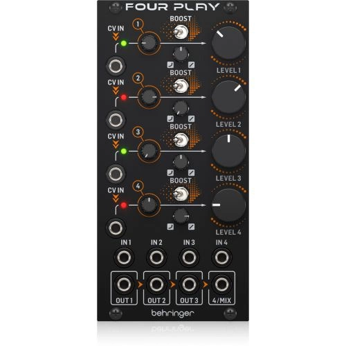 Behringer FOUR PLAY to zaawansowany wzmacniacz sterowany napięciowo (VCA) oraz mikser w formacie Eurorack, idealny dla muzyków i producentów dźwięku, którzy pragną uzyskać pełną kontrolę nad swoimi sygnałami audio.
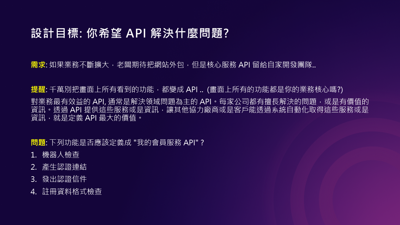 最近這陣子,我對外分享的主題,其實都集中在 “API First” 身上。碰到一些朋友給我的 feedback, 我覺得挺有趣,我挑一個,放在這篇實做篇的最前面:
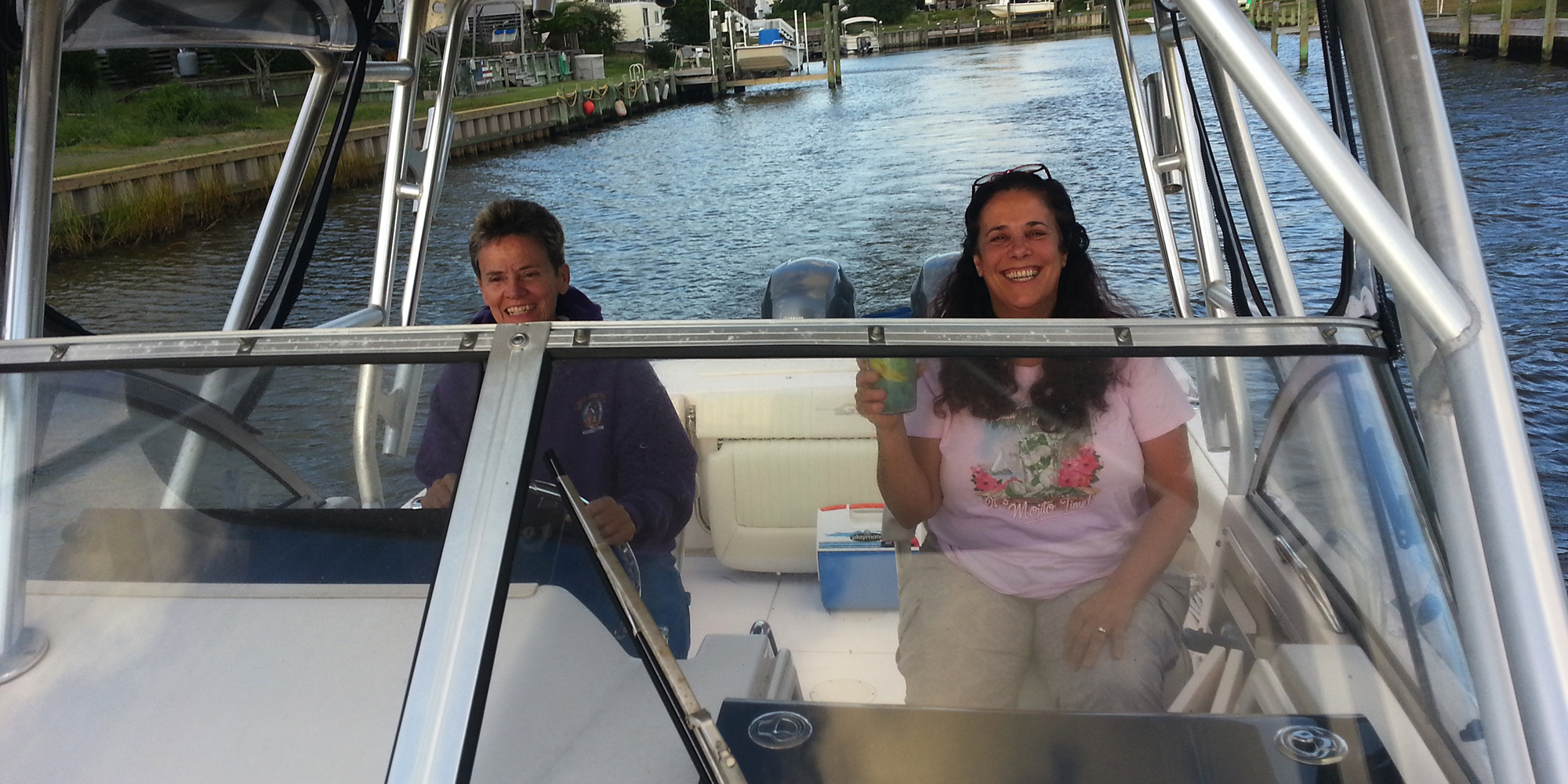 Karen and Doreen boated extensively throughout the waters of North Carolina, and they especially loved to fish, even going offshore in cold conditions. “As long as it wasn’t cooler than about 45° and the sun was shining, we’d bundle up and head offshore,” said Karen. “Once we found the right spot, we’d put out the lines and go back up to the helm to get out of the wind. When a fish would strike, we’d put on our gloves, run out, and reel it in!” A far cry from the days of fishing on the inflatable, these trips are still some of Karen’s favorite memories from her time on the Outer Banks. Ten years after purchasing the Overnighter, she upgraded to a larger cabin boat, the Seafarer 228. The wider beam and the twin engines were a plus, in addition to the larger cabin. This proved especially beneficial one time when they made the three-and-a-half-hour drive from Richmond to the Outer Banks, not knowing that Karen’s vacation cottage had been rented out for the weekend. Not long after arriving, there was a knock at the door – and that’s when she discovered the cottage was in fact rented. “I told them we were just there to make sure the house was ready,” Karen said. “Doreen and I quickly grabbed our bags, went to the dock, and hopped on the boat.” There was a big fishing tournament taking place that weekend, so they were lucky to get one of the last slips at a local marina, where they spent the weekend on the boat. “The spacious cabin on the 228 was most comfortable and it turned out to be a lot of fun with all the tournament activity going on around us,” Karen said. She also recalls getting a lot of compliments on her boat from the owners of the large sportfishing boats.
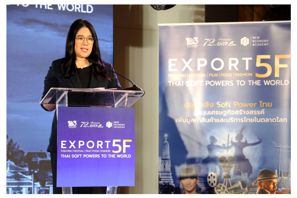 สถาบันพัฒนาผู้ประกอบการการค้ายุคใหม่ (NEA) กรมส่งเสริมการค้าระหว่างประเทศ (DITP) ประกาศความสำเร็จโครงการ“Export 5F : Thai Soft Powers to the World” (Fighting, Festival, Film, Food & Fashion) สร้างองค์ความรู้ผู้ประกอบการในอุตสาหกรรม Soft Power มากกว่า 500 ราย ผลักดันการนำซอฟต์พาวเวอร์ไทยไปต่อยอด เพิ่มมูลค่าสินค้าและบริการ พร้อมก้าวสู่โอกาสทางการค้าและเพิ่มขีดความสามารถการแข่งขันในเวทีโลก
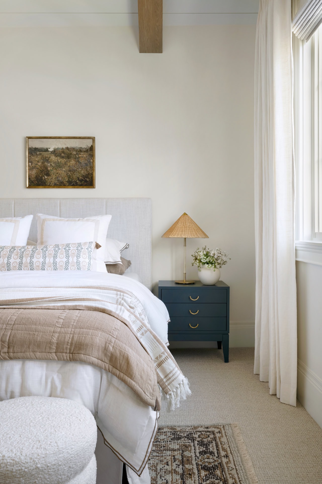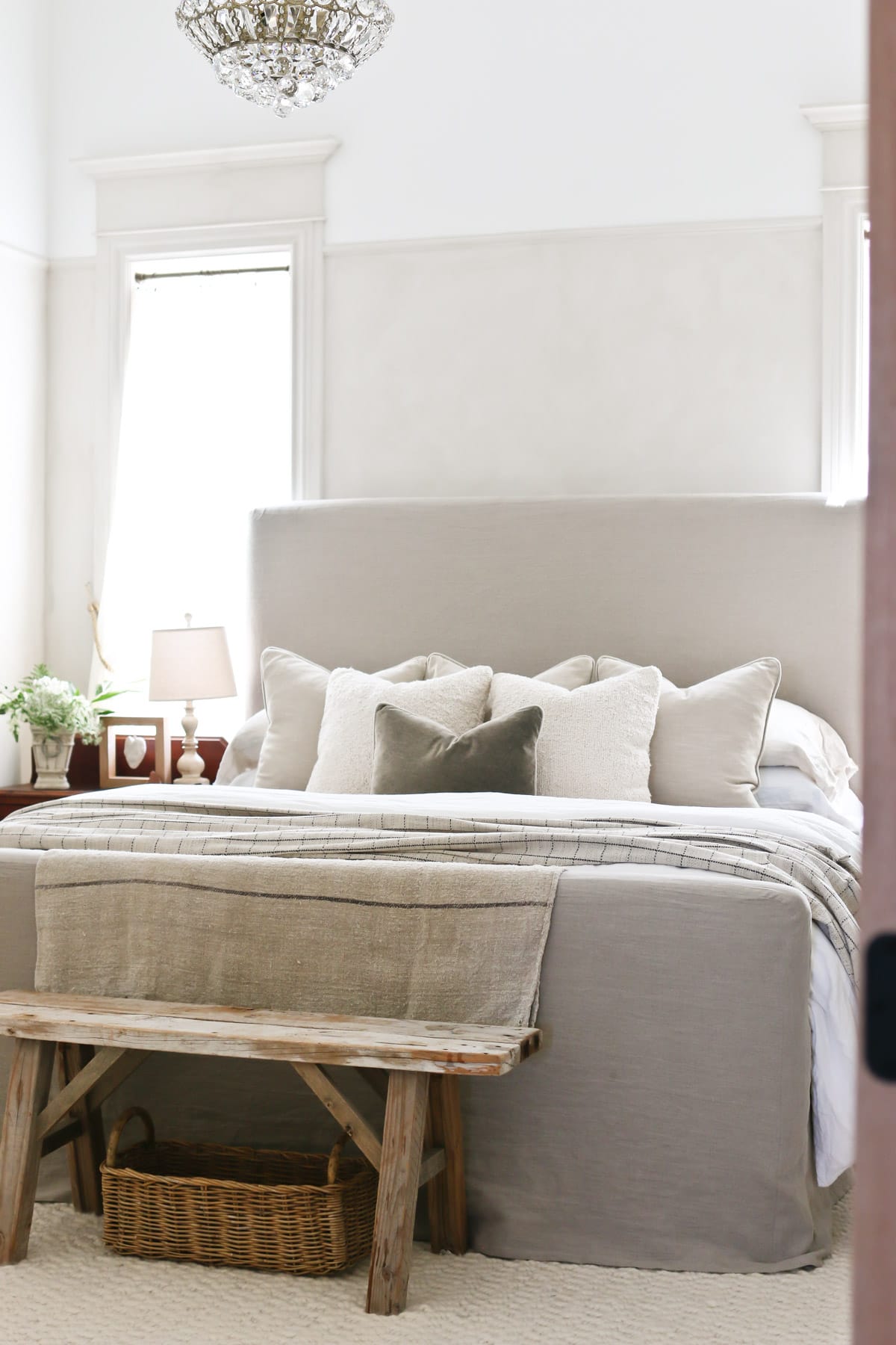 Pillows can stay minimal, and keeping in mind how to layer pillows, just a couple for sleeping and maybe two decorative ones create a finished look that’s still practical.
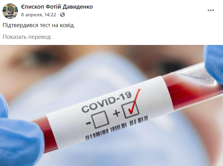 Епископ Фотий Давиденко заболел коронавирусной инфекцией. Об этом он рассказал на своей странице Фейсбук, передает "ZаБор".

------------------------------------------------

Task description – Would you please print the entries once more, word for word, minus the pictures?

Answer below –
 Behringer FOUR PLAY to zaawansowany wzmacniacz sterowany napięciowo (VCA) oraz mikser w formacie Eurorack, idealny dla muzyków i producentów dźwięku, którzy pragną uzyskać pełną kontrolę nad swoimi sygnałami audio.
 最近這陣子,我對外分享的主題,其實都集中在 “API First” 身上。碰到一些朋友給我的 feedback, 我覺得挺有趣,我挑一個,放在這篇實做篇的最前面:
 Karen and Doreen boated extensively throughout the waters of North Carolina, and they especially loved to fish, even going offshore in cold conditions. “As long as it wasn’t cooler than about 45° and the sun was shining, we’d bundle up and head offshore,” said Karen. “Once we found the right spot, we’d put out the lines and go back up to the helm to get out of the wind. When a fish would strike, we’d put on our gloves, run out, and reel it in!” A far cry from the days of fishing on the inflatable, these trips are still some of Karen’s favorite memories from her time on the Outer Banks. Ten years after purchasing the Overnighter, she upgraded to a larger cabin boat, the Seafarer 228. The wider beam and the twin engines were a plus, in addition to the larger cabin. This proved especially beneficial one time when they made the three-and-a-half-hour drive from Richmond to the Outer Banks, not knowing that Karen’s vacation cottage had been rented out for the weekend. Not long after arriving, there was a knock at the door – and that’s when she discovered the cottage was in fact rented. “I told them we were just there to make sure the house was ready,” Karen said. “Doreen and I quickly grabbed our bags, went to the dock, and hopped on the boat.” There was a big fishing tournament taking place that weekend, so they were lucky to get one of the last slips at a local marina, where they spent the weekend on the boat. “The spacious cabin on the 228 was most comfortable and it turned out to be a lot of fun with all the tournament activity going on around us,” Karen said. She also recalls getting a lot of compliments on her boat from the owners of the large sportfishing boats.
 สถาบันพัฒนาผู้ประกอบการการค้ายุคใหม่ (NEA) กรมส่งเสริมการค้าระหว่างประเทศ (DITP) ประกาศความสำเร็จโครงการ“Export 5F : Thai Soft Powers to the World” (Fighting, Festival, Film, Food & Fashion) สร้างองค์ความรู้ผู้ประกอบการในอุตสาหกรรม Soft Power มากกว่า 500 ราย ผลักดันการนำซอฟต์พาวเวอร์ไทยไปต่อยอด เพิ่มมูลค่าสินค้าและบริการ พร้อมก้าวสู่โอกาสทางการค้าและเพิ่มขีดความสามารถการแข่งขันในเวทีโลก
 Pillows can stay minimal, and keeping in mind how to layer pillows, just a couple for sleeping and maybe two decorative ones create a finished look that’s still practical.
 Епископ Фотий Давиденко заболел коронавирусной инфекцией. Об этом он рассказал на своей странице Фейсбук, передает "ZаБор".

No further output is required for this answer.